The George Institute for Global Health, University of New South Wales, Sydney, NSW, Australia.
Department of Epidemiology, University of Alabama at Birmingham, Birmingham, AL, USA.
J Hum Hypertens. 2023 Mar;37(3):181-188. doi: 10.1038/s41371-022-00661-5. Epub 2022 Feb 19.

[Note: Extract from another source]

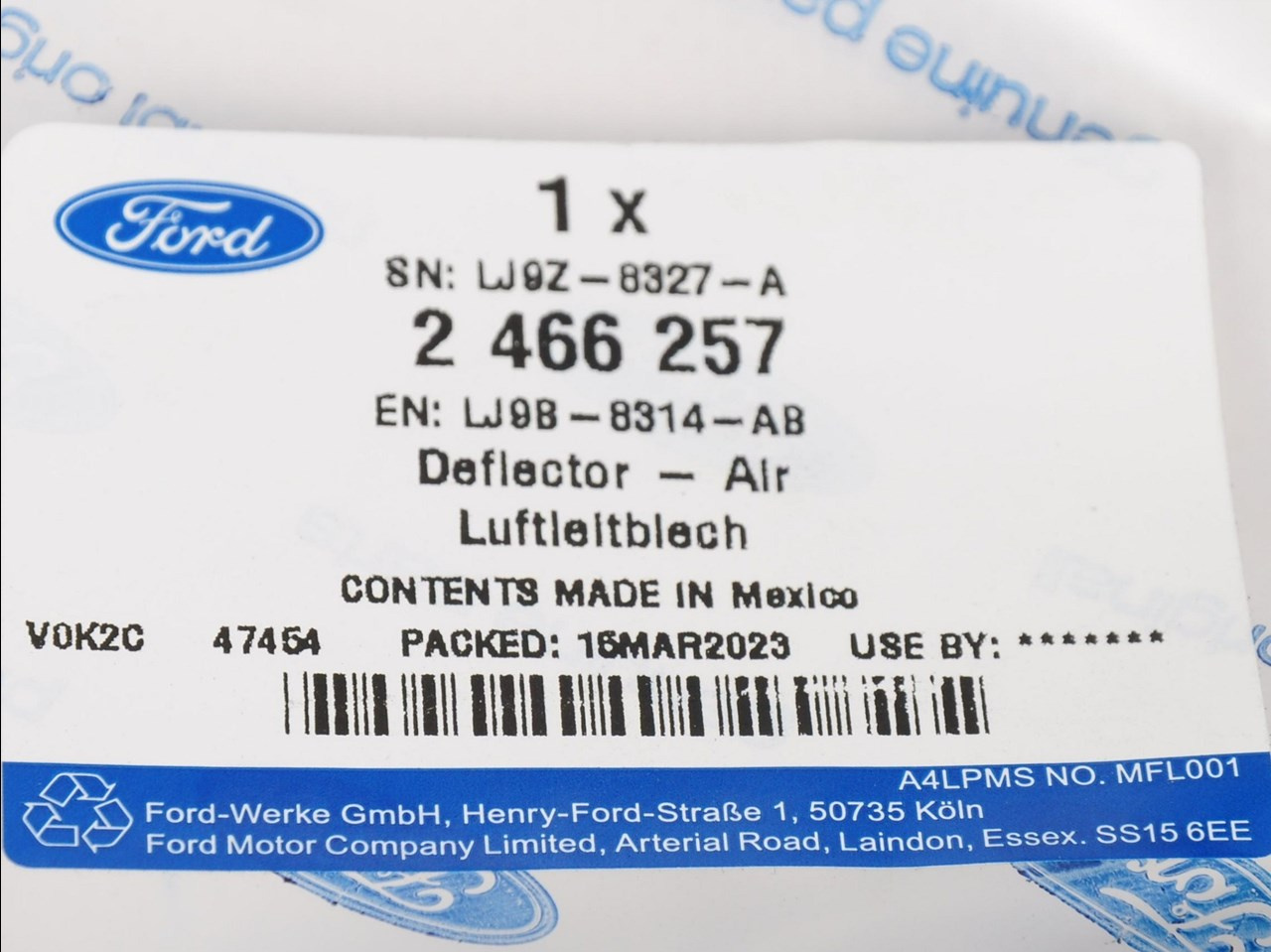 Część jest fabrycznie nowa i oryginalna marki Ford, spełniająca europejskie normy jakości i bezpieczeństwa. Dla prawidłowego działania pojazdu zaleca się montaż w autoryzowanym lub wykwalifikowanym serwisie.

Clinical practice guidelines for patients with diabetes recommend using blood pressure (BP) and atherosclerotic cardiovascular disease (ASCVD) risk to guide antihypertensive treatment. While this approach directs treatment to patients who should receive a large ASCVD risk reduction, its effect on other outcomes is uncertain. The aim of this study was to assess the contributions of systolic blood pressure level (SBP) and predicted 10-year ASCVD risk using Pooled Cohort risk equations to the prediction of major macrovascular disease, death and major microvascular disease in patients with diabetes. Data came from 7426 individuals with type 2 diabetes (T2D) without macrovascular disease at baseline in the Action in Diabetes and Vascular Disease: Preterax and Diamicron Modified Release Controlled Evaluation (ADVANCE) trial. The risk for major macrovascular events and death increased progressively across ASCVD risk categories. Compared to participants with 10-year predicted ASCVD risk <20% and SBP <130 mmHg, the hazard ratios (HRs) (95% confidence intervals (CIs)) associated with SBP ≥150 mmHg and 10-year predicted ASCVD risk <20%, 20-34% and ≥35% were 1.01 (0.58, 1.77), 1.90 (1.28, 2.84) and 2.82 (1.98, 4.01) for major macrovascular disease, respectively, and 0.83 (0.42, 1.62), 1.79 (1.13, 2.82) and 3.29 (2.22, 4.88) for death, respectively. The risk for major microvascular disease increased with BP regardless of ASCVD risk; HRs for SBP ≥150 mmHg and 10-year predicted ASCVD risk <20%, 20-34% and ≥35% vs. ASCVD risk <20% and SBP <130 mmHg were 1.52 (1.08,2.13), 1.47 (1.10, 1.96) and 1.23 (0.94, 1.60), respectively. ASCVD risk in addition to SBP improved the estimation of major macrovascular events and death but not major microvascular events among individuals with T2D.
临床实践指南建议糖尿病患者使用血压(BP)和动脉粥样硬化性心血管疾病(ASCVD)风险来指导降压治疗。虽然这种方法将治疗指向应该获得大量 ASCVD 风险降低的患者,但它对其他结果的影响尚不确定。本研究的目的是评估使用 Pooled Cohort 风险方程评估收缩压水平(SBP)和预测的 10 年 ASCVD 风险对糖尿病患者主要大血管疾病、死亡和主要微血管疾病的预测贡献。数据来自 ADVANCE 试验中基线时无大血管疾病的 7426 名 2 型糖尿病(T2D)个体。主要大血管事件和死亡的风险随着 ASCVD 风险类别而逐渐增加。与 10 年预测 ASCVD 风险<20%和 SBP<130mmHg 的参与者相比,SBP≥150mmHg 和 10 年预测 ASCVD 风险<20%、20-34%和≥35%相关的危险比(HR)(95%置信区间(CI))分别为 1.01(0.58,1.77)、1.90(1.28,2.84)和 2.82(1.98,4.01),主要大血管疾病,0.83(0.42,1.62),1.79(1.13,2.82)和 3.29(2.22,4.88)用于死亡。主要微血管疾病的风险随着 BP 的增加而增加,而与 ASCVD 风险无关;SBP≥150mmHg 和 10 年预测 ASCVD 风险<20%、20-34%和≥35%与 ASCVD 风险<20%和 SBP<130mmHg 的 HR 分别为 1.52(1.08,2.13)、1.47(1.10,1.96)和 1.23(0.94,1.60)。ASCVD 风险加上 SBP 改善了 T2D 个体主要大血管事件和死亡的估计,但对主要微血管事件没有改善。